Computational Hours Required per Year
Anticipated Number of Cores to be Used in a Typical Production Run
Anticipated Wallclock to be Used in a Typical Production Run Using the Number of Cores Given Above
Anticipated Total Memory Used per Run GB
Anticipated Minimum Memory Required per Core GB
Anticipated total data read & written per run GB
Anticipated size of checkpoint file(s) GB
Anticipated On-Line File Storage Required (Directly Accesible from a Running Job) GB Files
Anticipated Off-Line Archival Storage Required 1000-8000 GB ~100000 Files

Known or Anticipated architectural requirements (e.g., 2 GB memory/core).

As mentioned, most memory and computation requirements and are dictated by the GCRM model.

Please list any additional required or important software, services, or infrastructure beyond those listed in the previous section.

Large amounts of archival storage and high bandwidth interconnect between archive and filesystem.

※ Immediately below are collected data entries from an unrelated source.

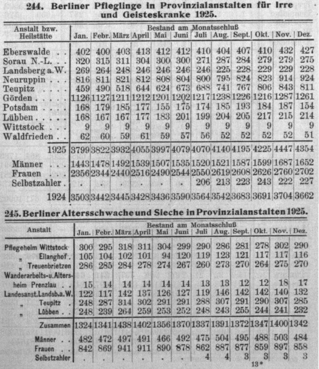 Es ist anzunehmen, dass auch die jüdischen Patient*innen in der Klinik nach der Machtergreifung der Nazis 1933 nicht unbehelligt blieben, aber spätestens mit Kriegsbeginn wurde Walter Blonck vermutlich in das Pflegeheim nach Wittstock (Dosse) verlegt, einer der Provinzialanstalten für Irre und Geisteskranke aus Berlin (Bild 3) (6). Wie man der Tabelle entnehmen kann, waren im Jahr 1925 etwa 5000 Pfleglinge, Alte und Kranke (Sieche) in Anstalten in Berlin untergebracht, und etwa die gleiche Anzahl in Anstalten außerhalb Berlins, davon etwa 300 in Wittstock. Hier verliert sich wieder die Spur von Walter Blonck, Krankenakten werden regelhaft nur 30 Jahre aufbewahrt.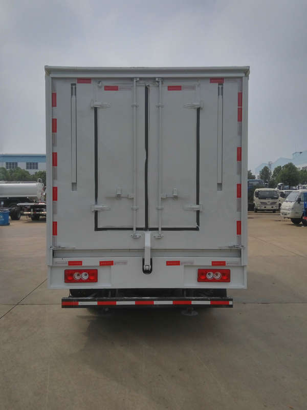 1.货厢顶部封闭,不可开启.专用装置:折叠式平台,支腿,顶棚,作业时顶板部分(或全部)可向上展开(或举升),侧板可向下展开平铺形成舞台地板;该车是进行舞台文艺表演的专用车辆;随底盘选装排半驾驶室;可选装前下视镜;2.侧防护材料为:冷板B-2.0,后防护栏材料为:矩型管20-D-2-100x50,联结方式均为螺栓联结,位置不可调整,后防护断面尺寸为100mm?0mm,离地高度480mm.3.ABS型号为ABS-E/YF8,生产企业:威伯科汽车控制系统(中国)有限公司/武汉元丰汽车电控系统有限公司;ABS系统型号:ABS-VI.E;生产企业:广州瑞立科密汽车电子股份有限公司;选装后视镜型式,选装不同的货箱风格. |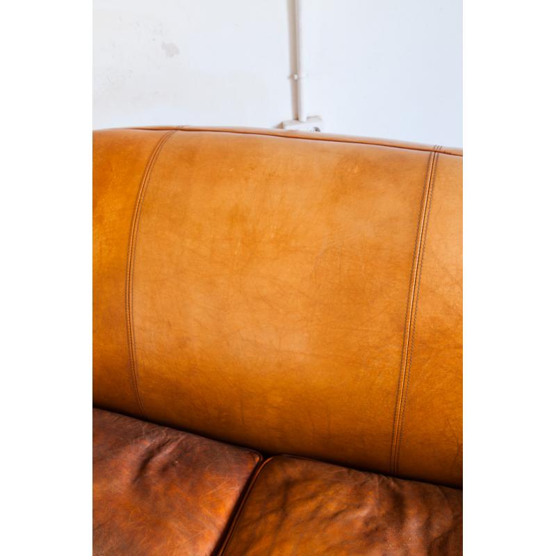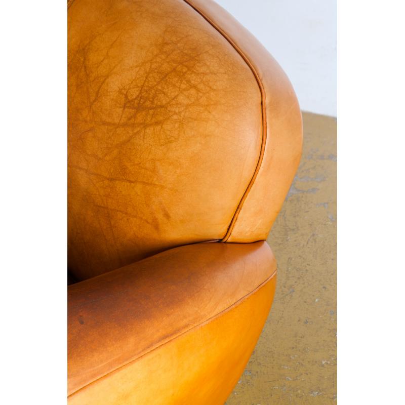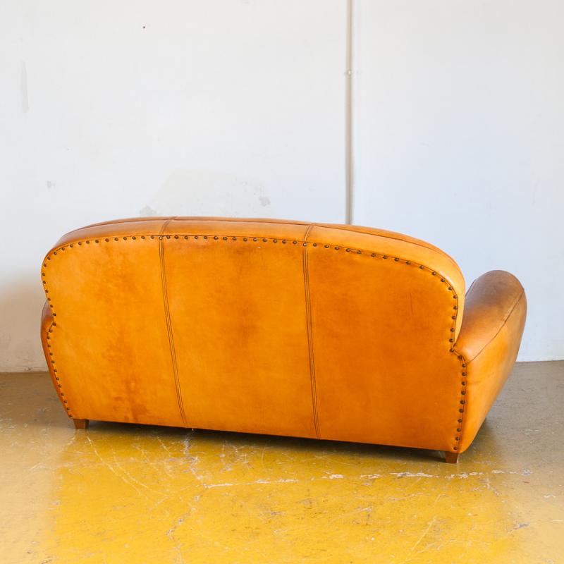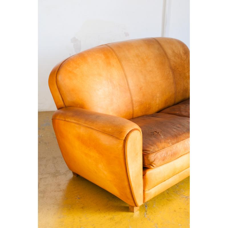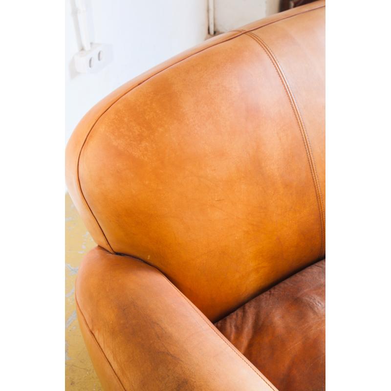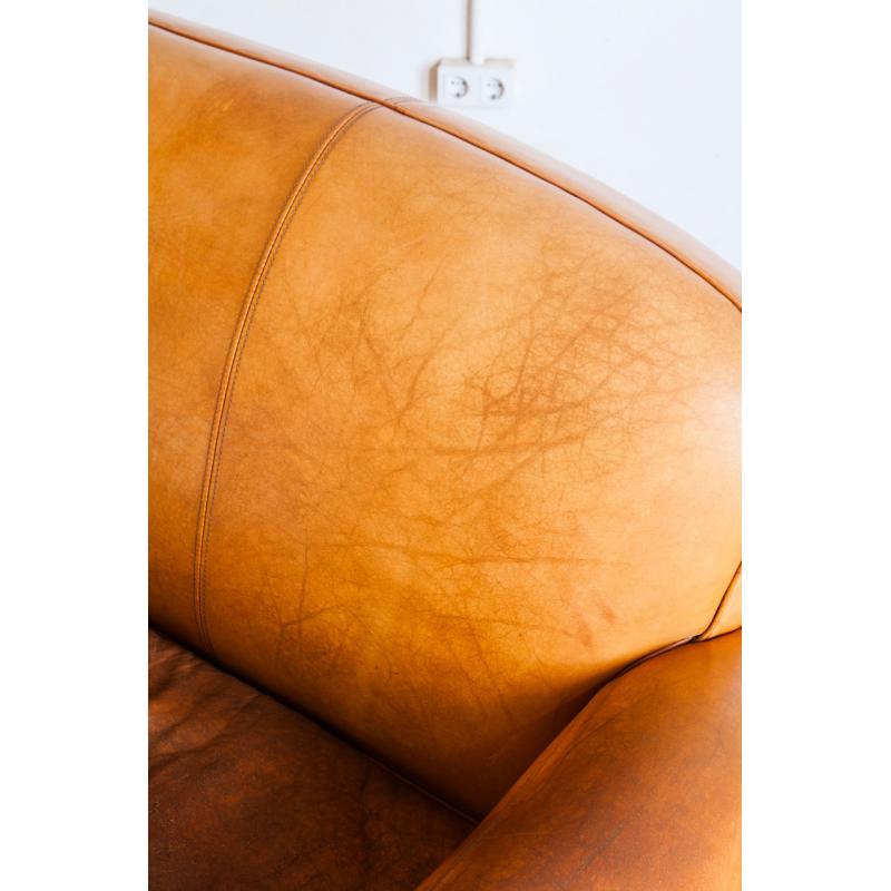 Sofá de cuero tipo "Club" color marrón con una estupenda pátina. Muy buen estado general a excepción de los asientos donde el uso es más acentuado. Ver fotos de detalle ya que forman parte de la descripción del artículo. Cualquier defecto a señalar se muestra en las mismas.

It is believed that the dominant HPC architecture in the next 3-5 years will incorporate processing elements composed of 10s-1,000s of individual cores. It is unlikely that a programming model based solely on MPI will be effective, or even supported, on these machines. Do you have a strategy for computing in such an environment? If so, please briefly describe it.

No plan so far. However, the current IO API is fairly modular and should be a good starting point for incorporating multicore programming ideas as they become available.

What Do You Need from NERSC?

Please tell us what you need from NERSC to meet your project's computing needs over the next 3-5 years. Also please feel free to make any general comments.

Reliable, high performance parallel IO libraries that support very large files.